- [What is expected]:
Where the records below begin, start copying, and stop after the line that contains "Houten raamwerk met"; reproduce every line exactly but omit pictures.

[Records contained in a dataset]
————
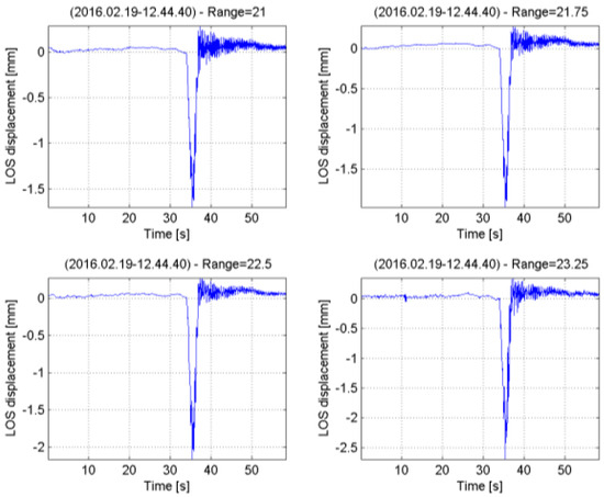 Temporal profiles of LOS displacements at different ranges.
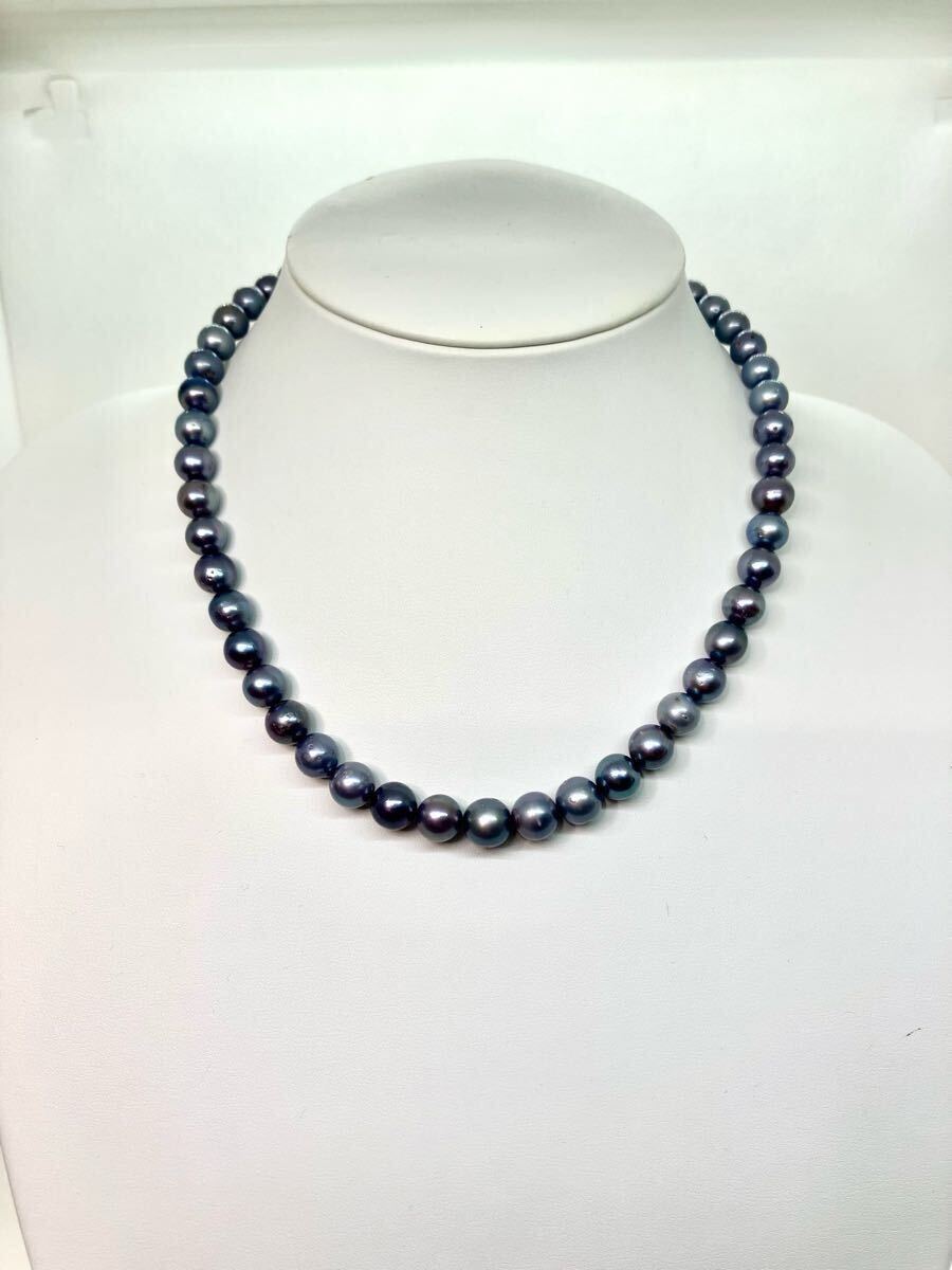 - 【新品】黒蝶真珠染めネックレス/グレー/南洋真珠ネックレス/グラデーション/クロチョウ/タヒチパール/葬祭
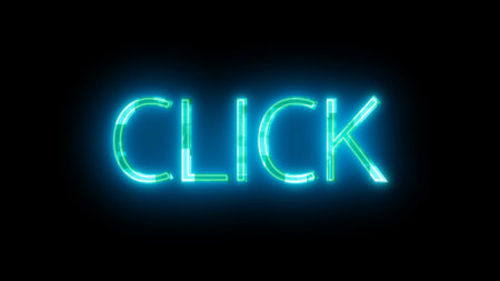 Neon sign with the word CLICK illuminated in blue on a black background.
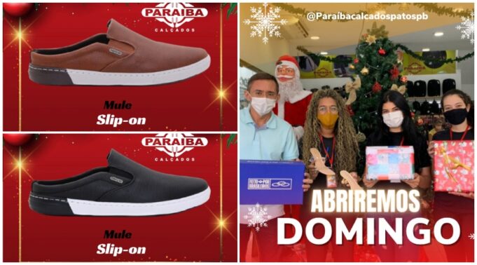 A Paraíba Calçados, na Rua Pedro Firmino, no centro de Patos, segue com suas promoções de Natal e ano novo, abrindo suas portas também aos domingos, das 8h às 14h, neste mês de dezembro. Venha conferir as excelentes promoções para o Natal e fim de ano em calçados, malas e outros itens.
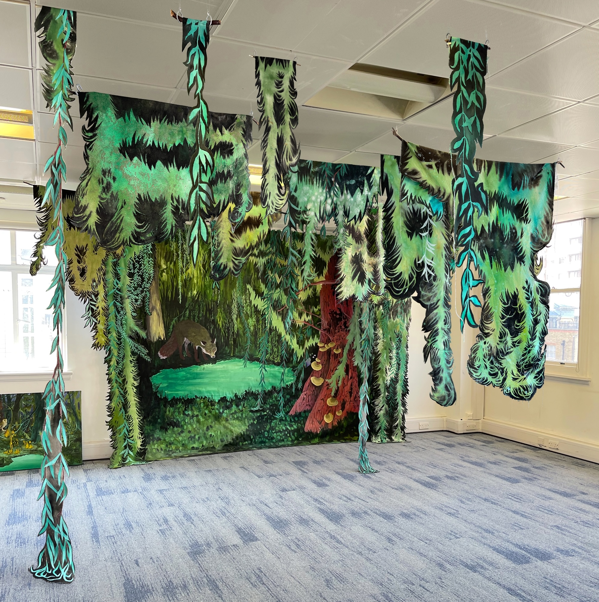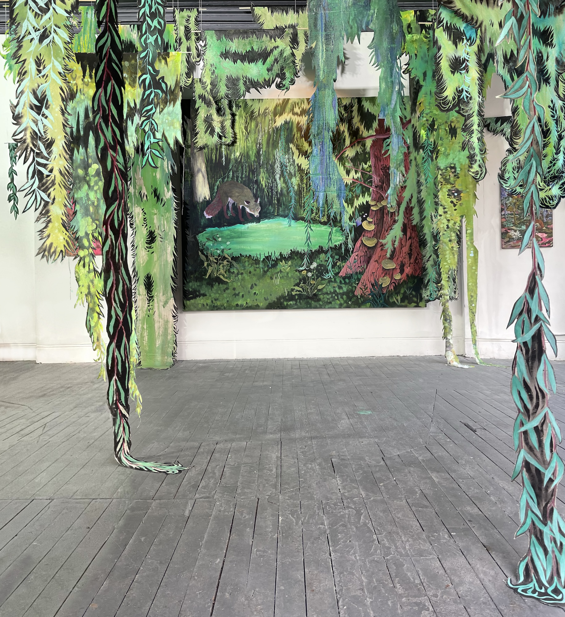 | Tags | Acrylic artwork|forest|Fox painting|green|Large-scale painting|Vivid colors painting |
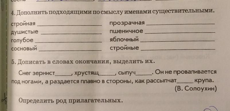 Снег× (какой?)→ зернистый, хрустящий, сыпучий (муж.род). Он не проваливается под ногами, а раздается плавно в стороны, как рассыпчатая ←(какая?) крупа× (жен.род).
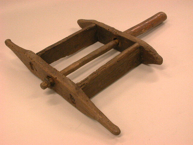 Houten raamwerk met naar de zijkanten uitstekende pootjes en handvat.
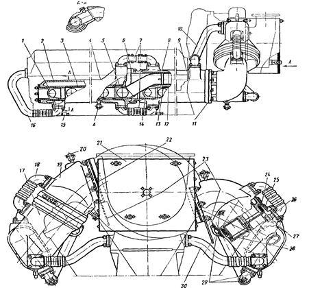 Выпускной коллектор второй группы цилиндров имеет экранирующую трубу 3, направляющий патрубок 1 и патрубок 5, перепускающий отработавшие газы в верхний канал коллектора первой группы цилиндров. два газовых канала, экранированных жаропрочными трубами 12 и 13. Со стороны коллектора второй группы цилиндров газовый канал 1-, 2-, 3-го цилиндров закрыт направляющим патрубком 14. Для компенсации теплового расширения впускной системы и обеспечения уплотнения газовых каналов в месте соединения нижнего колена с верхним стоят четыре уплотнительных кольца 27. Снаружи соединение закрыто дюритовым шлангом 24 с двумя хомутами 25. Перепускные стаканы 28 уменьшают перетекание газа между каналами.
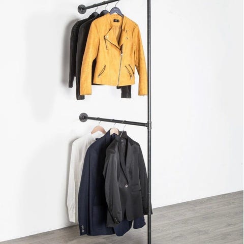 RackBuddy tøjstativ med 6 hylder og 3 bøjlestænger, perfekt til ungdomsværelse, soveværelse eller bryggers. De 2 tophylder er 125 cm bredde, de øvrige 4 hylder er 115 cm bredde. Kan monteres uden at fastgøre i gulvet via de 3 fæstninger i væggen. Serie: The Original. Rørfarve: Silver. Trætype: Dark Oak. Købt i 2022 til nypris 6.000,-. Kvittering haves.
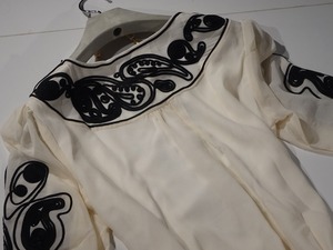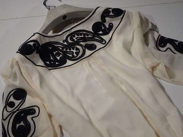 パイピングアートがとても印象的なシフォン素材のワンピースです。胸元や裾や袖に施されたパイピングアートがとても繊細で優しい印象を与えてくれます。シフォンの柔らかな素材は、肌触りもとても良いです。前ボタン6個有。裏地あり。
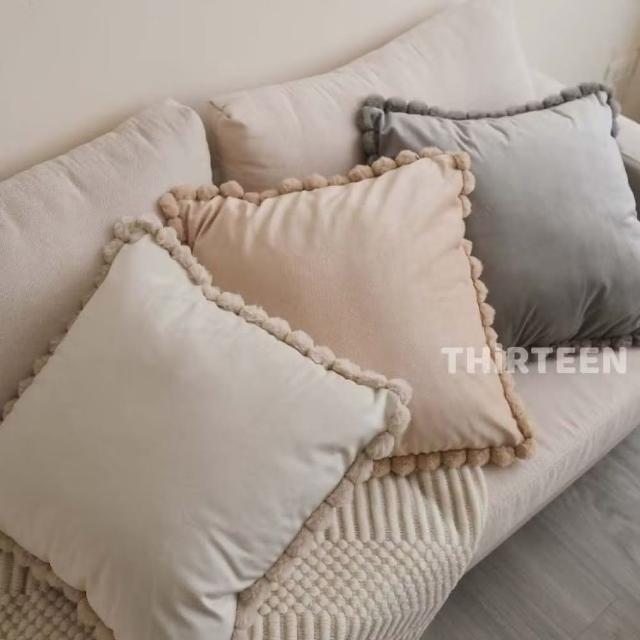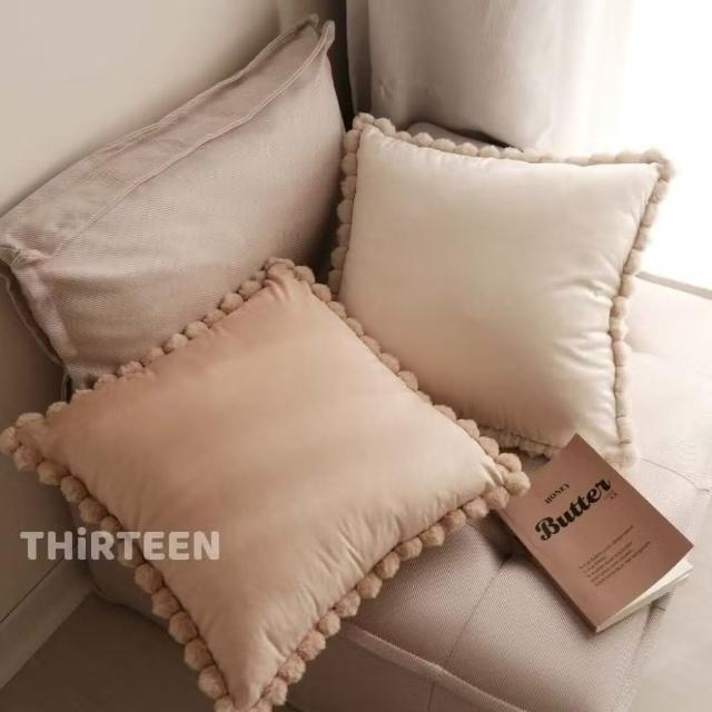 THiRTEEN 拾參家居珍珠絨球素色天鵝絨抱枕(靠墊 抱枕套 坐墊抱枕 北歐 居家裝飾 軟裝佈置 枕頭 枕頭套)
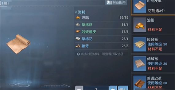 制造所需材料时,可以通过武器或防具制作功能来获得,升级庄园的材料基本都能在这里找到。
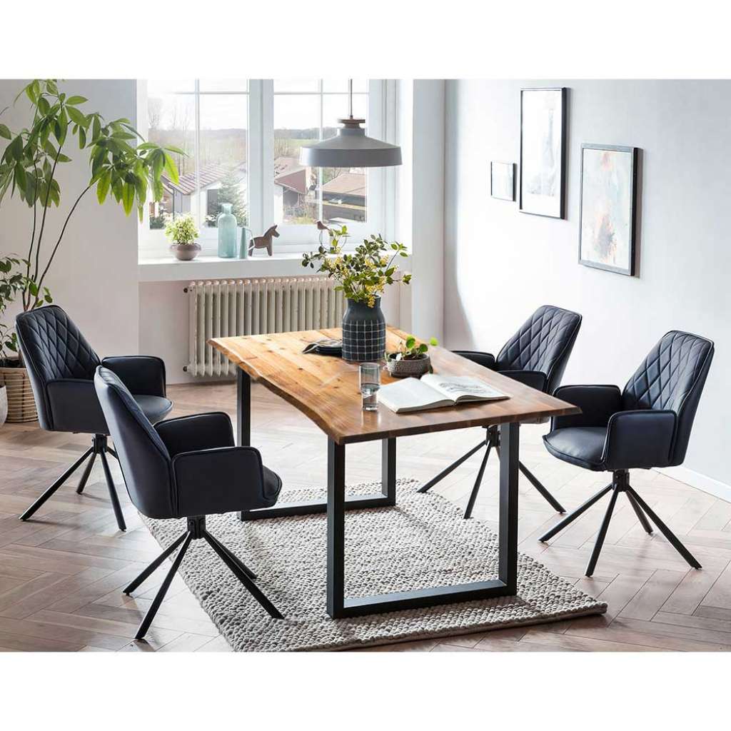 Esszimmergruppe mit Armlehnen Metall (fünfteilig) - Fünfteilig - Mit Schaumstoffpolsterung - Zerlegt, zum leichten Selbstaufbau (Montageanleitung liegt bei) - Inklusive vier Stühle - Sitzgarnitur im Industry und Loft Stil - Mit Bezug aus Microfaser (100 % Polyester) - Esszimmereinrichtung aus Microfaser, Akazie Massivholz und Metall - Mit Rautensteppung - Mit einer Bezug Strapazierfähigkeit von 50.000 Scheuertouren nach Martindale - Esszimmersitzgruppe in Dunkelblau, Cognac Braun und Schwarz - Tisch und Stuhl 77 cm HochVarianten - 001: Breite: 160 / Tiefe: 85 - 002: Breite: 180 / Tiefe: 90Informationen zur Lieferung:Der Versand dieses Artikels erfolgt per DHL-Superservice. Dieses beinhaltet folgenden Service für Sie:Terminvereinbarung: Sie werden frühzeitig (ein paar Tage im Voraus) durch die ausliefernde Spedition kontaktiert und Ihnen der Auslieferzeitpunkt mitgeteilt. Die Kontaktaufnahme erfolgt per Telefon. Bei telefonischer Nichterreichbarkeit werden Sie per Postkarte über das Auslieferdatum informiert.Lieferung Frei Verwendungsstelle: Der Transport erfolgt an Ort und Stelle. Sie bestimmen, wohin Sie die Ware getragen haben möchten. Ob Dachgeschoss, Erdgeschoss, Schlaf- oder Wohnzimmer - die Ware wird an den von Ihnen gewünschten Ort vertragen.Zwei Speditionsfahrer vertragen die Ware: keine Mithilfe beim Entladen und Vertragen der Ware nötig. Die Speditionsfahrer sind auf den Möbeltransport spezialisiert und entsprechend geschult, somit sind Transportreklamationen nahezu ausgeschlossen.Die Auslieferung erfolgt von Montags bis Freitags. Eine Zustellung an Sonn- und Feiertagen ist nicht möglich.Alle aufgeführten Serviceleistungen sind im Artikelpreis enthalten. Es fallen keine weiteren Kosten für Sie an. Bei Insellieferungen kann nur ein reiner Abgabeservice angeboten werden - das Vertragen der Ware + Verpackungsentsorgung entfällt hierbei.
————
- [Expected output]:
 Temporal profiles of LOS displacements at different ranges.
 - 【新品】黒蝶真珠染めネックレス/グレー/南洋真珠ネックレス/グラデーション/クロチョウ/タヒチパール/葬祭
 Neon sign with the word CLICK illuminated in blue on a black background.
 A Paraíba Calçados, na Rua Pedro Firmino, no centro de Patos, segue com suas promoções de Natal e ano novo, abrindo suas portas também aos domingos, das 8h às 14h, neste mês de dezembro. Venha conferir as excelentes promoções para o Natal e fim de ano em calçados, malas e outros itens.
 | Tags | Acrylic artwork|forest|Fox painting|green|Large-scale painting|Vivid colors painting |
 Снег× (какой?)→ зернистый, хрустящий, сыпучий (муж.род). Он не проваливается под ногами, а раздается плавно в стороны, как рассыпчатая ←(какая?) крупа× (жен.род).
 Houten raamwerk met naar de zijkanten uitstekende pootjes en handvat.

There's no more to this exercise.